Friday 28 March 2014

Encounter

"Hello," the man greeted, as I trotted down the corridor. "Is there a big event on this weekend?"

I turned to face him and felt it. "It" was a strange combination of emotion and physical reaction that caught me completely off-guard; the stomach lurch, the sudden urge to vomit as my gag reflex kicked in, dizziness and itchy feet. I don't know if you've ever had real itchy feet (not just the metaphorical "it's time for a holiday" type) - the urge to run for the hills that is so overwhelming that you can't physically stand still...

It wasn't the first time I had seen him over the weekend. When I arrived last Friday night, he was on his way out of the gym. But it had been nice and easy that time - I kept my head down and scurried on by as he left. This was a little different.

Who was he? He was the man who raped me last year. I knew there was a chance that he would be around. Though it was a hotel, he was a gym member and it did make sense that he'd be around at some point. But I had rationalised that the probability of encountering him was low; I would have to be passing that same part of the corridor at the same moment. Unless I decided to chill out in the gym, it was highly unlikely. I didn't think I'd see him multiple times.

Part of me wanted to run as fast as I could. Perhaps I would have done, but I was wearing my crew badge on my lanyard, and I knew I was representing the company. So I forced myself to stop, take a breath and smiled back at him.

I'm kinda good at that now, the composing myself to look like I'm comfortable. Between meetings with male colleagues, kids' dads and other things, I'm fairly used to being alone with men (though still dislike it), and have developed a series of barriers that allow me to fake it - big smile, straight back, confident, professional attitude and an awareness of my potential escape route. And breathing. Breathing's quite important, as is holding my hands in front of me so no-one can see them shake. It's become so automatic, that I barely have to think about it on a day to day basis.

But I did last Saturday...

"Yes," I told him, my hands gripped tightly together. I told him the name of the company and explained, "It's a signing event."

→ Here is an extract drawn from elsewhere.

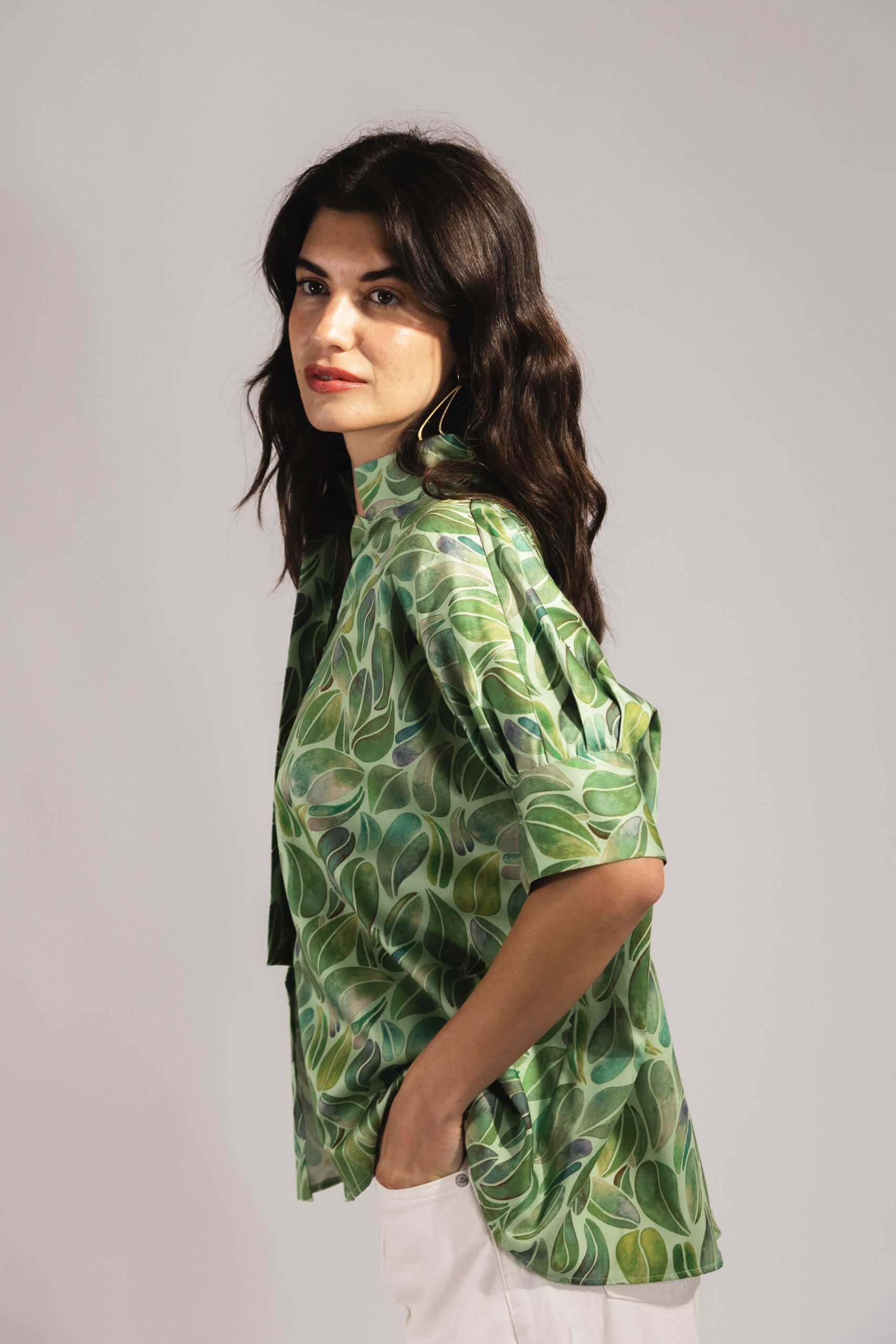 Lola Shirt in Green Apple Foglia

He nodded. "I've heard of that one before. Are you staff or just here for fun?"

I explained that I was crew and answered his questions patiently and politely, whilst silently praying for him to leave me the hell alone.

Afterwards, it took me a while to verbalise what upset me about the encounter. "Of course you were upset - he raped you" doesn't actually cover the whole reaction and range of feelings. It was more than that. It was more than fear of him, or sorrow at what I went through, or anger at what he did or a sense of isolation....

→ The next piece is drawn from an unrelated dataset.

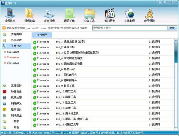 愛(ài)學(xué)教材全部采用flash格式的視頻,其特點(diǎn):體積小高清晰。目前內(nèi)容涵蓋:外語(yǔ),數(shù)學(xué),化學(xué),物理,辦公軟件,平面設(shè)計(jì),三維設(shè)計(jì),動(dòng)畫(huà)制作,視頻處理,web開(kāi)發(fā),程序設(shè)計(jì),網(wǎng)絡(luò)安全等視頻教材。為方便用戶快速查找與使用進(jìn)行了細(xì)微的分類(lèi),

It was absolute rage and indignation. Because not only did he turn my world upside down last summer, just when I thought I was finding my feet, but he had the gall to talk to me like I was just another person.  And that's when I realised that - to him - I was just another person.

He changed my life, had a great impact on it. But I had no impact on his. I was nothing more than a body to him and I never would be. He didn't feel any remorse or guilt or anything, because he couldn't remember me or my face, even though he spent all that time hurting me in the most vile, intimate and personal manner. He will never remember my face, but I will never forget his.